A live reading performance of a full-length play about Robert Green Ingersoll delighted a standing-room crowd at Manhattan's historic Players Club on the evening of January 31, 2011. Defying a gathering winter storm, more than 200 people packed the landmark theater in the Gramercy Park residence of 19th century Shakespearean actor Edwin Booth to experience a reading of Richard Stockton's play "Speak of the Devil."

The production was produced by casting director Irene Stockton, widow of the late playwright, and directed by Chelsea Theatre Center founder Robert Kalfin. A slate of expert Broadway actors read such roles as Robert Green Ingersoll, his brother Ebon, his future wife Eva Parker, her father Judge Parker, and many others. The play presents a fictionalized account of Ingersoll's young and middle years that powerfully captured the wit, insight, and singular courage of the man who dared to challenge America during its Gilded Age by being its most public agnostic.

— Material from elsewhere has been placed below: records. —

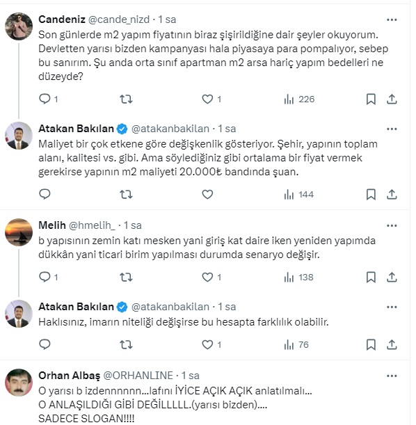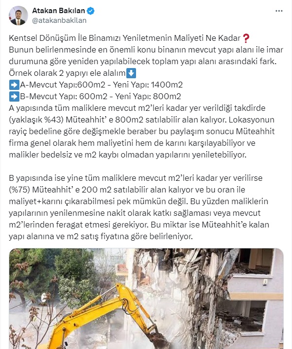 Kentsel dönüşümle bir binayı yeniletme maliyeti binlerce kişi tarafından merak ediliyor. İnşaat Mühendisi, Eskişehir Ticaret Odası Meclis Üyesi ve TOBB Eskişehir Genç Girişimciler Kurulu İcra Komitesi Üyesi Atakan Bakılan resmi sosyal medya hesabı üzerinden Kentsel dönüşümle bir binayı yeniletmenin maliyetini hesapladı. İşte Bakılan'ın o paylaşımı ve gelen yorumlar...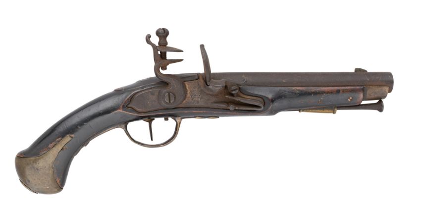 of regimental type, with russet sighted barrel and bevelled lock, the latter with crowned ‘GR’ and ‘TOWER’ across the tail and retained by three side-nails, ebonised full stock (some old wear and minor chips at the pommel spurs) with apron around the barrel tang, copper alloy mounts comprising slender waved side-plate, flattened bluntly spurred pommel, trigger-guard with rounded finial, ramrod-pipe and iron ramrod (iron parts with surface rust patination), 20.8 cm barrel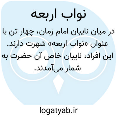 [ویکی شیعه] نُوّاب اَربَعه، به چهار نماینده یا نایب خاص امام مهدی (ع) در دوران غیبت صغری گفته می شود که رابط میان شیعیان و امام بودند: عثمان بن سعید، محمد بن عثمان، حسین بن روح و علی بن محمد سمری. نواب اربعه از اصحاب باسابقه و مورد اعتماد امامان بودند که یکی پس از دیگری از طرف امام زمان و با معرفی نایب پیش از خود معرفی می شدند. این چهار نفر به مدت هفتاد سال، نیابت امام را عهده دار بودند و با داشتن وکلایی در دورترین شهرهای اسلامی، پیام ها و خواسته های شیعیان را به امام و پاسخ های امام را به آنان می رساندند. از دیگر وظایف نایبان خاص این بود که تردیدها را درباره حضرت مهدی از بین ببرند و محل زندگی امام و مشخصات او را پنهان دارند.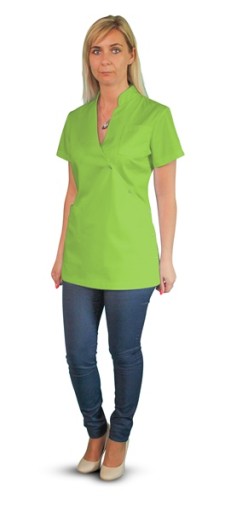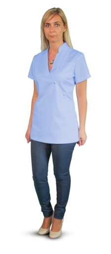 Góra fartucha elegancko wykończona jest stójką. Krótki rękaw sprawia, że fartuch nie ogranicza ruchów i jest bardzo wygodny.
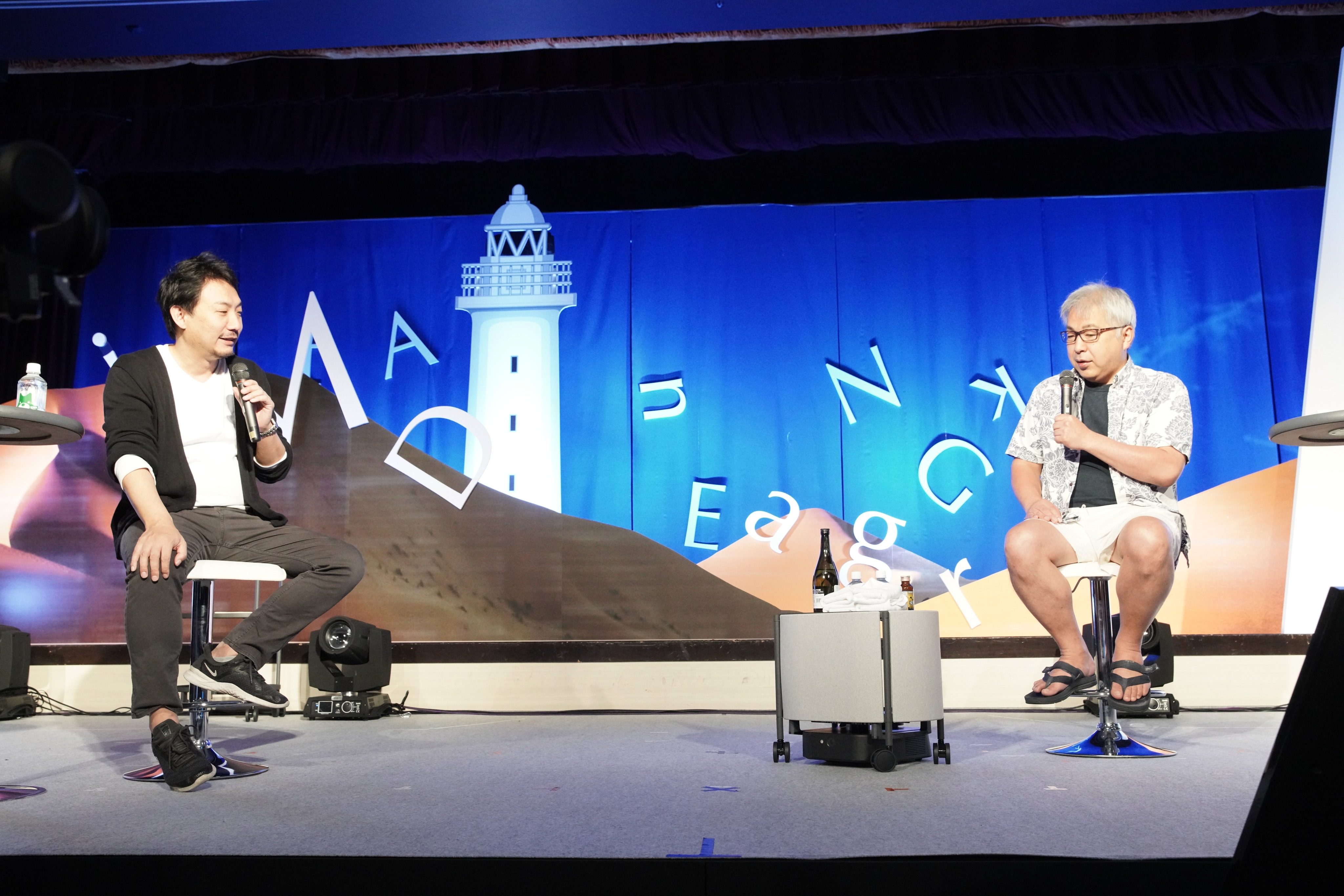 「すべての人にロボットを。」というPreferred Roboticsのビジョンのもと、消費者の生活の中からアイデアを発想し、AIを搭載することで人の指示で家具を動かす家庭用自律移動ロボット「カチャカ」をステージ上でデモをしながら紹介した。礒部氏は、「アイデアの実現のためには、信念の強さが一番大事だと思います。一度やろうと決めたことを中途半端に止めない。チームメンバーの心が折れなかったからこそ、『カチャカ』を開発・販売することができた」と語り、富永氏も「一般家庭向けロボットを世の中に届けたいという礒部さんの信念の強さがあったからこそ誕生した」と続けた。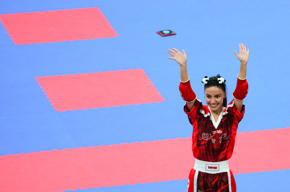 土耳其姑娘克倫奇是重度熊貓愛好者,贏下自由搏擊女子半接觸50公斤級半決賽后,她從容摘下護(hù)具,拿出一枚熊貓發(fā)卡戴在頭上。而她的背包里,足足塞了13個(gè)熊貓紀(jì)念品。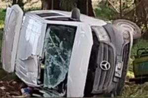 El vehículo siniestrado es una combi de transporte de pasajeros de marca Mercedes Benz que había partido poco antes de la localidad de Claromecó y tenía como destino final Mar del Plata.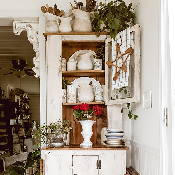 Distressed Finish: Soft white glaze with deliberate worn edges gives the look of a cherished antique.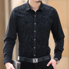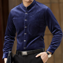 蓝色剑鱼 春装新款男士金丝绒长袖衬衫中年男装商务休闲衬衣时尚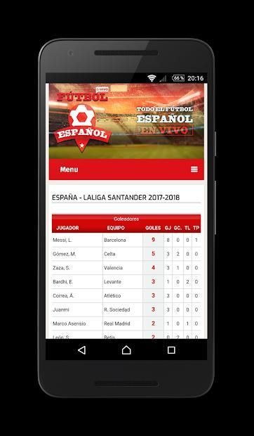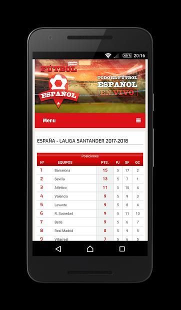 Dengan Spanish Live Soccer, Anda dapat menikmati yang terbaik dari sepak bola Spanyol dari kenyamanan ponsel pintar atau tablet Anda, apakah mereka sesuai dengan LaLiga Santander dan LaLiga 123, serta Copa del Rey dan pertandingan internasional untuk menikmati yang terbaik dari sepak bola Spanyol tim. Opsi yang lebih unggul daripada yang lain yang menawarkan layanan serupa seperti merah langsung.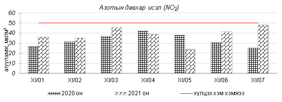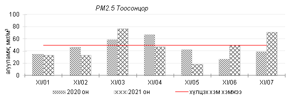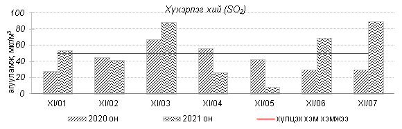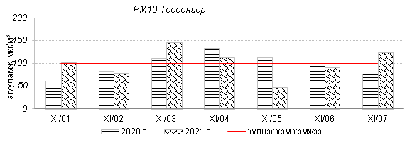 Улаанбаатар хотын агаарт түгээмэл бохирдуулах бодис хүхэрлэг хий /SO2/, азотын давхар исэл /NO2/, тоосонцор /PM10, PM2.5/, нүүрстөрөгчийн дутуу исэл /CO/, озон /O3/-ы агууламжийг тодорхойллоо.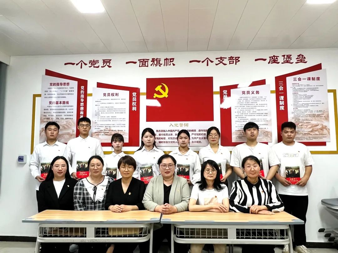 会上,郭盈新等10名同志依次向党组织汇报预备期间个人表现。入党介绍人汇报学生预备期间考察情况,就能否如期转正表明意见。随后,全体党员采取无记名投票方式进行表决。经表决,一致同意郭盈新等10名同志如期转正。随后,入党介绍人为10名同志佩戴党员徽章、赠送书籍并合影留念。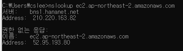 ## nslookup ec2.ap-northeast-2.amazonaws.com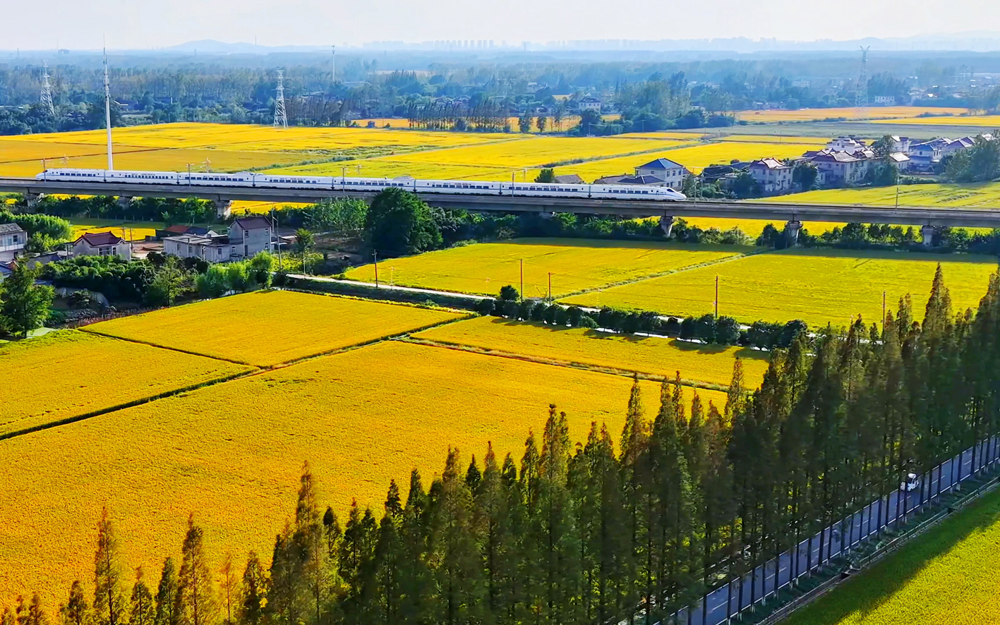 近日,广陵区李典镇成片稻田如铺展开的金色绸缎,与白墙黛瓦的农房相映成趣。远处,一列高铁列车呼啸而过。动静之间勾勒出一幅美丽田园画卷。

Ingersoll Museum director and Council for Secular Humanism executive director Tom Flynn offered brief comments before the performance. Richard Stockton's play has been performed twice before on the New York stage, in 1983 at the Chernuchin Theatre Off-Broadway under the title "Royal Bob," and in 1972 at the Lamb's Theatre under the title "One World at a Time." This was its first performance under the playwright's preferred title and in a revised edition edited by Irene Stockton.